Le meilleur film de Luc Besson, assurément, est à l'image de son héroïne, furieux et habité. C'est d'abord Milla Jovovich, qui trouve là LE rôle de sa vie, qui impressionne. Elle ne joue pas, elle EST Jeanne d'Arc dans toute sa sincérité mais aussi ses débordements. Vive, flamboyante, impétueuse, impatiente, elle irradie tant par sa beauté que par ce qu'elle fait passer de l'icône, jusqu'à littéralement porter le film sur ses frêles épaules. A ses côtés, le casting international, classieux, est au diapason. Dustin Hoffman, John Malkovich, Faye Dunaway, Vincent Cassel... Tous sont parfaits.
La volonté de Luc Besson de livrer une oeuvre forte est manifeste : il entraîne d'abord son public dans le sillage de sa Jeanne fiévreuse, qui trépigne, le mettant dans la même position que l'héroïne et le faisant adhérer sans réserve au message dont elle se dit investie. Jusque dans sa souffrance, moment où l'on se surprend à retenir son souffle, comme La Hire à son chevet, espérant qu'elle survive à ses blessures. Ressuscitée, elle s'avance vers le fort et implore la reddition anglaise, avant de vitupérer, puis de galvaniser ses troupes, tel un général prêt au combat.
Puis subtilement, s'installe un malaise diffus, par des images, des flashs, alors que la victoire est pourtant au bout de la bataille. Et la vie intérieure de Jeanne nous est livrée, rongée entre ses doutes, sa certitude de faire le bien et ce à quoi elle est destinée, sûre d'être un instrument dans les mains d'un Dieu bienveillant. Elle est enfin mise en face de ses contradictions au cours de son procès. Pas celui de la justice des hommes. Celui instruit par ce qui semble être sa conscience. Et les batailles dans lesquelles elle a été impliquée se révèlent alors dans toute leur cruauté. Jeanne se rend compte qu'elle a fait couler le sang de ses mains, qui ne tenaient pas seulement l'oriflamme, mais aussi l'épée. Elle redevient fragile, enfantine, habitée par l'incertitude des signes à elle révélés comme manifestation du divin et de sa volonté. Au fur et à mesure de son questionnement intérieur, mené sans concession par l'Etranger, l'icône redevient une simple jeune fille, mise en face de ce qu'elle a fait au nom de Dieu. La scène finale n'en est que plus déchirante.

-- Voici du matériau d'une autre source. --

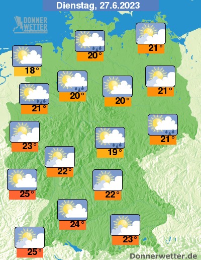 Am Dienstag zeigen sich zum Teil heitere Abschnitte, teilweise zieht starke Bewölkung durch. Im Norden und Osten bilden sich einzelne Schauer, im übrigen Bundesgebiet bleibt es hingegen weitgehend trocken. Die Temperatur erreicht 18 Grad an der Nordsee und bis 25 Grad am Oberrhein.

Soutenue par une bande originale magnifique (la bataille des Tourelles !!!) suivant ses tourments intérieurs et des scènes d'action léchées et efficaces, brutales et immersives, Jeanne d'Arc est plus qu'un film sur le personnage éponyme. Il apparaît avant tout comme la dénonciation des dérives du fanatisme quel qu'il soit.
Le chef d'oeuvre de Luc Besson.
Behind_the_Mask, qui boute les détracteurs de Luc Besson (1ère période) hors de France.